3. Hukuk Dairesi 2016/4253 E. , 2017/15246 K.
"İçtihat Metni"MAHKEMESİ :ASLİYE HUKUK MAHKEMESİ
Taraflar arasındaki menfi tespit davasının mahkemece yapılan yargılaması sonucunda, davanın reddine yönelik olarak verilen hükmün, süresi içinde davacı vekili tarafından temyiz edilmesi üzerine; temyiz dilekçesinin kabulüne karar verildikten sonra, dosya içerisindeki kağıtlar okunup gereği düşünüldü:
Y A R G I T A Y K A R A R I
Davacı; tarımsal sulama abonesi olduğunu, sayacın okunmasında usulsüz kullanımın tespit edildiğini, ceza dosyasında davalı kurum zararın 12.506,00 TL olarak tespit edildiğini, bu zarar bedelini davalı kuruma ödendiğini, buna rağmen davalı kurumun 106.168,30 TL borç bildiriminde bulunduğunu, ceza dosyasındaki tespite rağmen 93.662,00 TL fazla borç bildirildiğini belirterek, 93.662,00 TL yönünden borçlu olmağının tespitini karar verilmesini talep ve dava etmiştir.
Davalı, davanın reddine karar verilmesini talep etmiştir.
Mahkemece, davanın reddine karar verilmiş, hüküm davacı vekili tarafından temyiz edilmiştir.
1- Dosyadaki yazılara, kararın dayandığı delillerle kanuni gerektirici sebeplere ve özellikle delillerin takdirinde bir isabetsizlik görülmemesine göre, davacının sair temyiz itirazları yerinde değildir.
2- Dava, kaçak elektrik kullanımından dolayı tahakkuk ettirilen faturalardan borçlu olmadığının tespiti istemine ilişkindir.
Somut olayda; dava konusu kullanıma ilişkin davacının sanık sıfatıyla yer aldığı ... Asliye Ceza Mahkemesi 2010/283 Esas, 2013/231 Karar sayılı ve 01.09.2013 tarihli kararında davacının karşılıksız yararlanma fiili sabit görülmüş, 12.506,11 TL kurum zararının sanık tarafından karşılanmış ve hükmün açıklanmasının geri bırakılmasına karar verilmiştir.

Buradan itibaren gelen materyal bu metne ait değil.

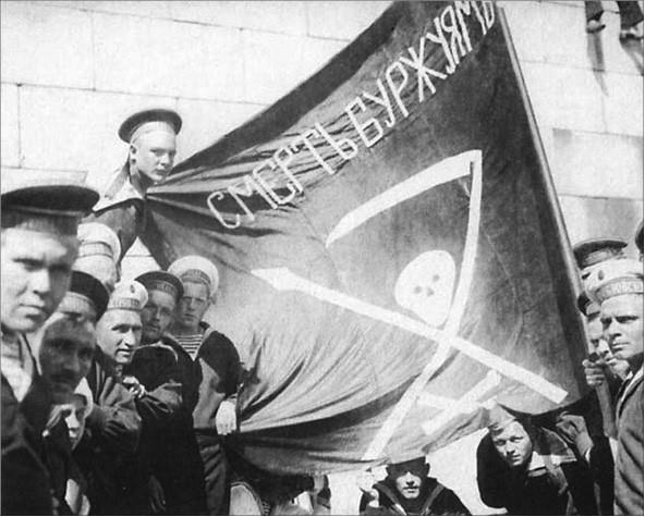 Революционные матросы под знаменем с надписью «Смерть буржуям!»

O halde; mahkemece, davacının, ceza yargılamasında kurum zararının karşılanması için yapmış olduğu 12.506,11 TL tutarındaki ödemenin, davalı kuruma olan ve aynı eylemden doğan borcundan mahsubu gerekirken, yazılı şekilde yazılı şekilde hüküm kurulması usul ve yasaya aykırı olup, bu husus bozmayı gerektirmiştir.
-2-
SONUÇ; Yukarıda birinci bentte yazılı nedenler ile davacının sair temyiz itirazlarının reddine, ikinci bentte yazılı nedenler ile hükmün HUMK.nun 428. maddesi gereğince davacı yararına BOZULMASINA ve peşin alınan temyiz harcının istek halinde temyiz edene iadesine, 6100 sayılı HMK"nun geçici madde 3 atfıyla 1086 sayılı HUMK.nun 440.maddesi gereğince kararın tebliğinden itibaren 15 günlük süre içerisinde karar düzeltme yolu açık olmak üzere, 02.11.2017 tarihinde oybirliğiyle karar verildi.